▽

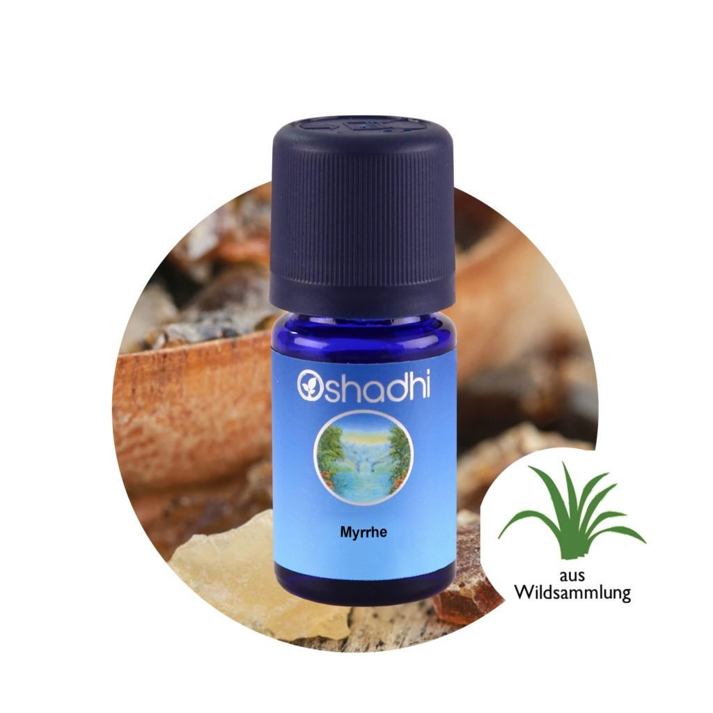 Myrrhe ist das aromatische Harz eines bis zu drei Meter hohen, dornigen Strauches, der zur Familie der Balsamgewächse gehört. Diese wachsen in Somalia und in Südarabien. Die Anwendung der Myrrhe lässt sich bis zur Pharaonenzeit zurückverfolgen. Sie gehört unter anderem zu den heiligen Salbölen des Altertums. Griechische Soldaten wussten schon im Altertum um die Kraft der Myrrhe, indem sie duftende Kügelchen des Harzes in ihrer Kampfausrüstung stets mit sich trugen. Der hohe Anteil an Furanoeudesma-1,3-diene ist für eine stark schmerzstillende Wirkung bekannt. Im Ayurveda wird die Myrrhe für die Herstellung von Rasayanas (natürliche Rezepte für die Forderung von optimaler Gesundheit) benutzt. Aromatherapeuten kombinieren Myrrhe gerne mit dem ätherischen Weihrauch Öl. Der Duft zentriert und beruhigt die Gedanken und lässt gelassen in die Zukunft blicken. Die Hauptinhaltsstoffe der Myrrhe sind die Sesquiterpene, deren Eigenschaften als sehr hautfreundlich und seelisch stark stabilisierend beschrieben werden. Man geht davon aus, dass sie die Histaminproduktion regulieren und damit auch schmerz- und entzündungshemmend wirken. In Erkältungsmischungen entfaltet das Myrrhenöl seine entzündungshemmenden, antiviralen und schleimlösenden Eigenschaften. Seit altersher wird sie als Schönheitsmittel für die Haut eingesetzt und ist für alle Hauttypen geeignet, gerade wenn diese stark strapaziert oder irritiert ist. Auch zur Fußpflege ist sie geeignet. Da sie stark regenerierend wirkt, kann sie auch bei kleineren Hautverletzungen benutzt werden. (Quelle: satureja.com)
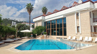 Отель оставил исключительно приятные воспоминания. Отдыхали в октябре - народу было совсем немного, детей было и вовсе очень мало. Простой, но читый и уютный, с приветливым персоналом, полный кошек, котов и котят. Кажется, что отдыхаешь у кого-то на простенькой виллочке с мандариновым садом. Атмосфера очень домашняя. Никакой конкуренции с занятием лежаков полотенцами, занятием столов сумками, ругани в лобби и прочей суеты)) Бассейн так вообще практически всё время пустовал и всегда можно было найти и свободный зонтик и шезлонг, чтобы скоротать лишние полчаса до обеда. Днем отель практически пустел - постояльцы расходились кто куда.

△
▽

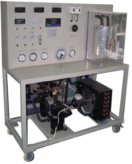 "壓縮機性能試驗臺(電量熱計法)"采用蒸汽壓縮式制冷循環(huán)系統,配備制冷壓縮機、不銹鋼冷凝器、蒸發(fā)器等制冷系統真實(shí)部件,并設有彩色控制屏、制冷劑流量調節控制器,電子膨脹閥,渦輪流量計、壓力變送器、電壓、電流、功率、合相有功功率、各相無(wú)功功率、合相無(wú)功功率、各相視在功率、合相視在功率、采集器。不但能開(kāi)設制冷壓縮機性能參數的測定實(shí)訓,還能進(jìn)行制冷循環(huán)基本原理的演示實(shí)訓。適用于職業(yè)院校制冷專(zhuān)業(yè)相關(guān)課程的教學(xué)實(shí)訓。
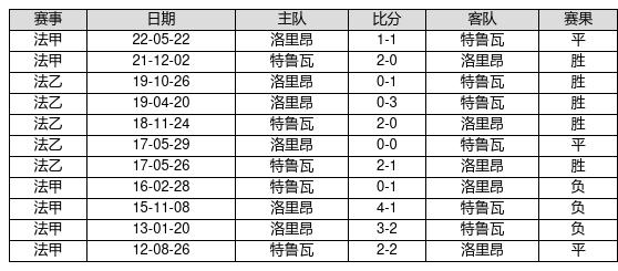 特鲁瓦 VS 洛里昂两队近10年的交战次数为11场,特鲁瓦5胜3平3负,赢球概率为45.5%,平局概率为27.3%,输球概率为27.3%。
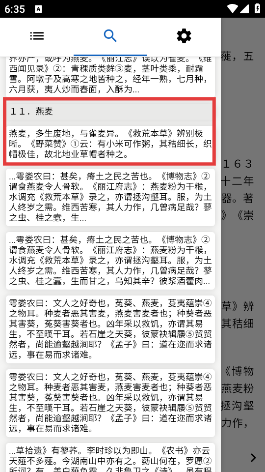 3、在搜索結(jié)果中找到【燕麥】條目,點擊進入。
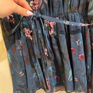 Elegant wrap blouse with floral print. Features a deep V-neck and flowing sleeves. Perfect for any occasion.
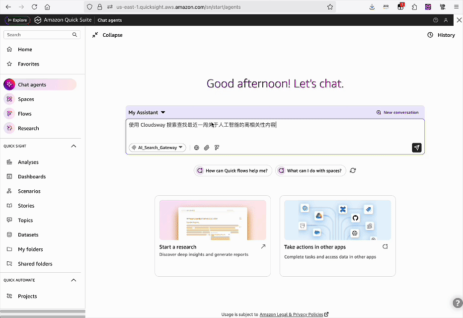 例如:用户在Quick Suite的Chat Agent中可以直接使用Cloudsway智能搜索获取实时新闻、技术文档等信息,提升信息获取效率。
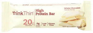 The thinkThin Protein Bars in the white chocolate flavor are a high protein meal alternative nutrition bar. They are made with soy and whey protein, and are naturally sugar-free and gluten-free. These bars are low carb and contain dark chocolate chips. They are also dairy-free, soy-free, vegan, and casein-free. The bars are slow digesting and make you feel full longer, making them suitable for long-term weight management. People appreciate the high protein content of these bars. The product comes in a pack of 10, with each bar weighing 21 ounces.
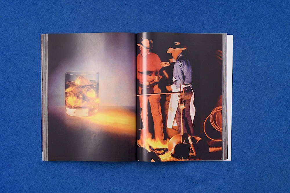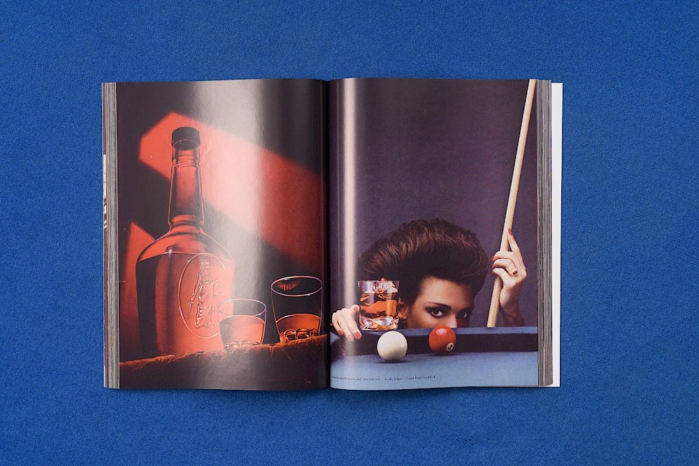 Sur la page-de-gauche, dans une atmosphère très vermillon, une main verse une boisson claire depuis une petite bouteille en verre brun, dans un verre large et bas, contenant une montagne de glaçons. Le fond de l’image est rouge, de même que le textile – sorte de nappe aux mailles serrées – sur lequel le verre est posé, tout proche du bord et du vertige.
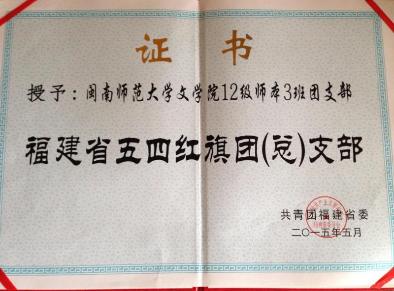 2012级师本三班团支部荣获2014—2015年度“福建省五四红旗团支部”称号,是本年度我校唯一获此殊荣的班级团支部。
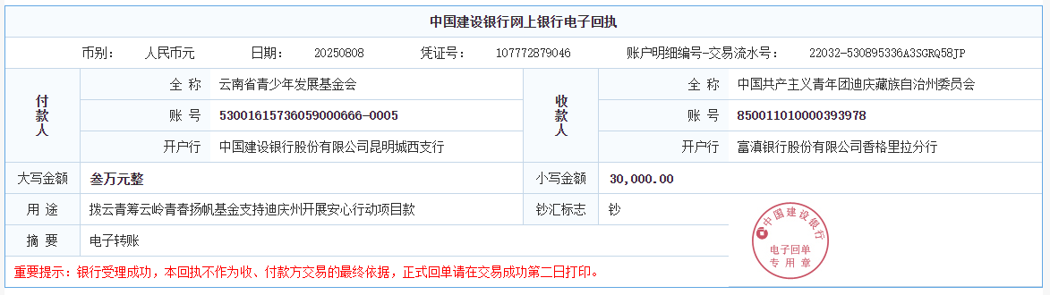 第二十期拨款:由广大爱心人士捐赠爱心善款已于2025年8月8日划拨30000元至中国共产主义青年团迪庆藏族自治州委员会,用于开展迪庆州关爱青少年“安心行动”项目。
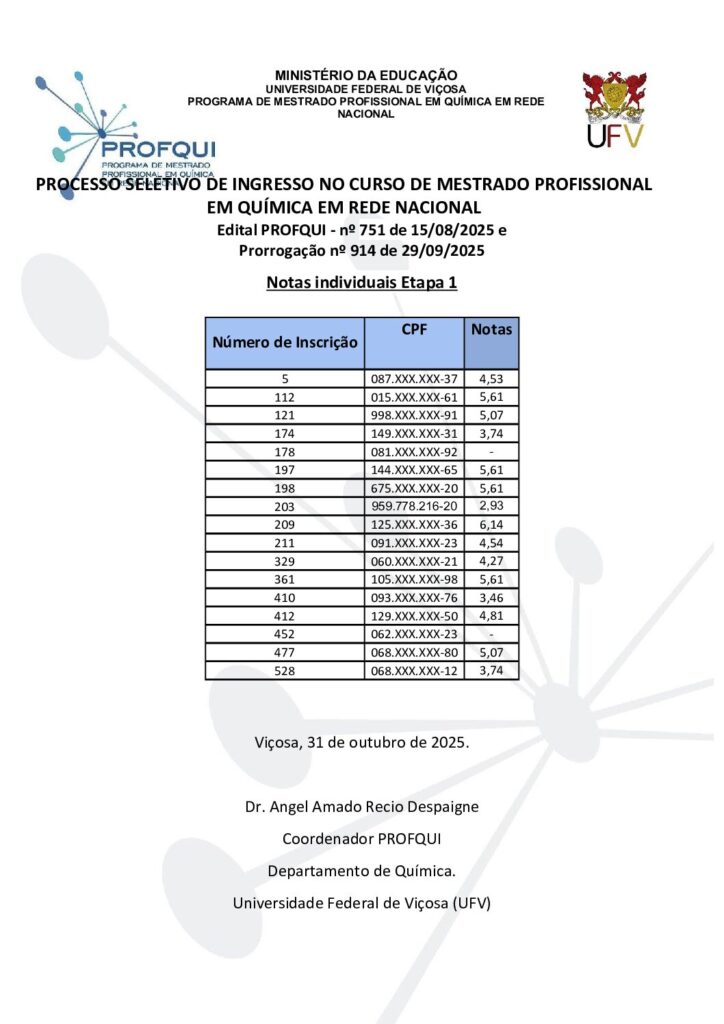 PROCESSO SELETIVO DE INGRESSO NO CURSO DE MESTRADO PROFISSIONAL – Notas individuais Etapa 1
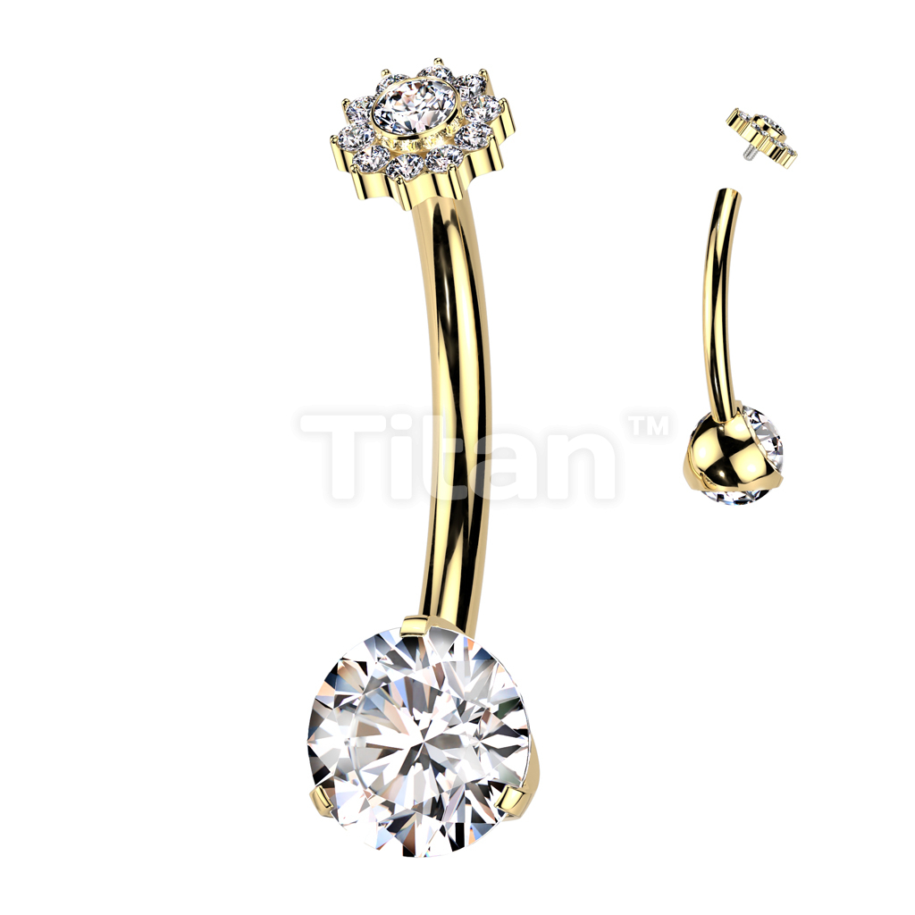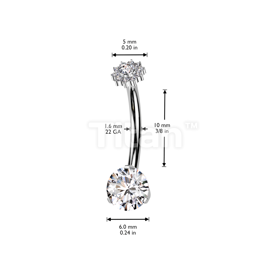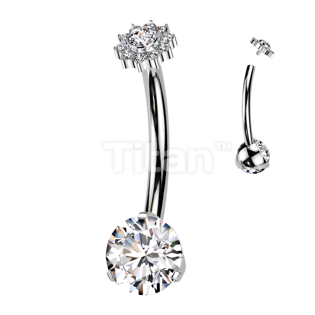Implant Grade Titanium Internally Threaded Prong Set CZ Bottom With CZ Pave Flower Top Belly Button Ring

△

▶ Exercise description
Exact copy, pictures excluded: every line above from the one containing "The thinkThin Protein" to the one containing "Implant Grade Titanium", inclusive, and nothing more.

▶ Completed task
 The thinkThin Protein Bars in the white chocolate flavor are a high protein meal alternative nutrition bar. They are made with soy and whey protein, and are naturally sugar-free and gluten-free. These bars are low carb and contain dark chocolate chips. They are also dairy-free, soy-free, vegan, and casein-free. The bars are slow digesting and make you feel full longer, making them suitable for long-term weight management. People appreciate the high protein content of these bars. The product comes in a pack of 10, with each bar weighing 21 ounces.
 Sur la page-de-gauche, dans une atmosphère très vermillon, une main verse une boisson claire depuis une petite bouteille en verre brun, dans un verre large et bas, contenant une montagne de glaçons. Le fond de l’image est rouge, de même que le textile – sorte de nappe aux mailles serrées – sur lequel le verre est posé, tout proche du bord et du vertige.
 2012级师本三班团支部荣获2014—2015年度“福建省五四红旗团支部”称号,是本年度我校唯一获此殊荣的班级团支部。
 第二十期拨款:由广大爱心人士捐赠爱心善款已于2025年8月8日划拨30000元至中国共产主义青年团迪庆藏族自治州委员会,用于开展迪庆州关爱青少年“安心行动”项目。
 PROCESSO SELETIVO DE INGRESSO NO CURSO DE MESTRADO PROFISSIONAL – Notas individuais Etapa 1
Implant Grade Titanium Internally Threaded Prong Set CZ Bottom With CZ Pave Flower Top Belly Button Ring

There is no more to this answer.